By Gerald Regni, DMD on September 09, 2014

Children’s oral hygiene is one area in a child’s development that is generally not given sufficient attention by most parents. The Centers for Disease Control and Prevention has said that about 40% of children have cavities when they enter kindergarten, and about 60% of children develop tooth decays by the age of 5. The effects of not having proper oral hygiene can lead to a rude awakening in the form of cavities and toothaches.

Youngest Children

It also doesn’t help that kids usually associate dental visits with pain, so they choose to keep mum about any sort of discomfort they feel in their mouths rather than tell their parents about it, until the toothache gets worse.

As writer Gracie Bonds Staples reports in an article for the Atlanta Journal Constitution, dentists fear this lack of dental care among children is leading to an epidemic.

Doctors say the infection can impact a child’s physical and social health. The Surgeon General’s Report on Oral Health estimates that more than 51 million school hours are missed by children across the country each year because of dental or related problems.
This is a concern of oral care professionals around the country, including a pediatric dentist in Philadelphia like Gerald Regni, DMD. To encourage children to visit their dentists regularly, caring dental professionals create a child-friendly and warm atmosphere in their offices, with a staff that ensures a child’s dental experience is happy and stress-free.

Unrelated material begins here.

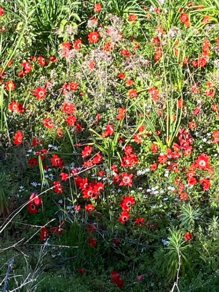 Die ersten roten Anemonen blüten schon im Februar, und jetzt sind alle Hänge rot gesprenkelt. Die eine und andere Mohnblüte habe ich auch schon gesehen, aber es war recht kalt, und so zögerten sie. Sie sind halt sehr empfindlich.
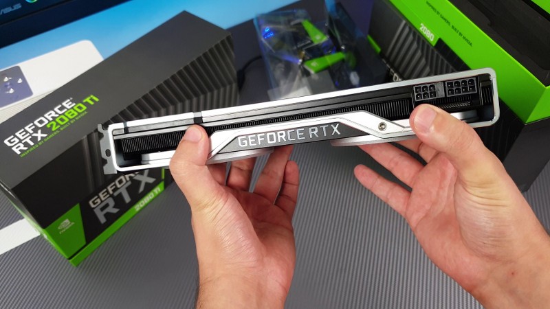 Karta üstten baktığımızda metal plakanın kartı boylu boyuna sardığını görmek mümkün. Orta kısımda ise yeşil aydınlatmaya sahip GeForce RTX yazısı konumlandırılmış. Bu açıdan baktığımızda ekran kartının soğutma bloğunu net biçimde görüyoruz, ekran kartını boylu boyuna kaplayan bu plaka buhar bölmesi sayesinde önceki nesillere göre çok daha iyi bir soğutma sunacak gibi görünüyor.

A trusted pediatric dentist often also has to act as an emergency dentist in Philadelphia and elsewhere. This is true when a child suddenly suffers from a severe toothache, as a result of improper oral care.

Likewise, tooth and mouth injuries are fairly common in children, given their active and playful nature. When a child’s tooth accidentally gets knocked out, the tooth should be recovered and preserved as best as possible, and child and tooth have to immediately be taken to an emergency dentist for treatment.

Losing a tooth early, whether from trauma or tooth decay, can have long term consequences in one’s dental health. Baby teeth are essential to a child’s speech development and oral digestion, so a premature loss could lead to impediments in both. Additionally, prematurely losing baby teeth, or the early loss of permanent teeth, can lead to gaps and teeth misalignment.

Proper dental hygiene is one of the things that parents have to teach their children. Not only will this ensure better dental health in adulthood, it also builds confidence and discipline in them--two things that they would need in life as they grow up.